What the exercise asks = Every line below that has the string "domingo" needs to be copied.
- Opening Delimiter -
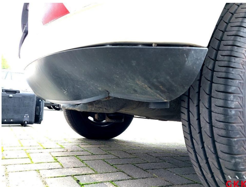
Bild 24 Stoßfänger hinten, Verkleidung unterhalb -unlackiert-, verformt, ersetzen
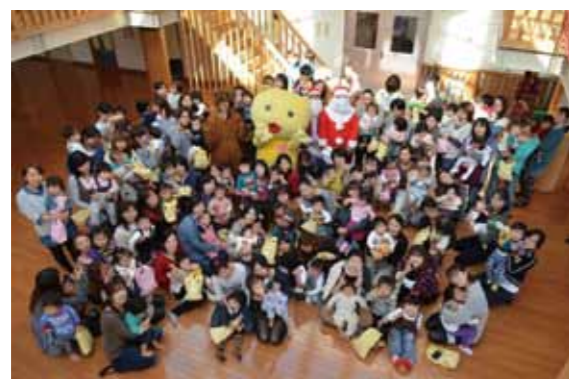
子育て広場「なかよし」クリスマス会
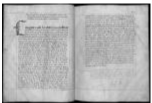
P. 37 F. 19
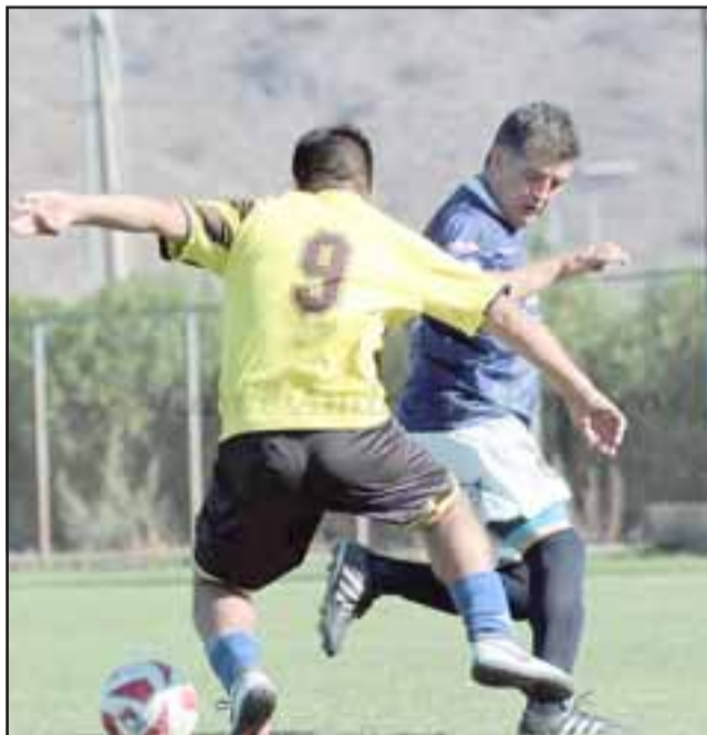
El domingo se dará el puntapié inicial del 'Amor a la Camiseta'.

*Jugarán en el mismo orden en la fecha inaugural del domingo 15 de marzo de 2020
- Closing Delimiter -
The completed task =
El domingo se dará el puntapié inicial del 'Amor a la Camiseta'.
*Jugarán en el mismo orden en la fecha inaugural del domingo 15 de marzo de 2020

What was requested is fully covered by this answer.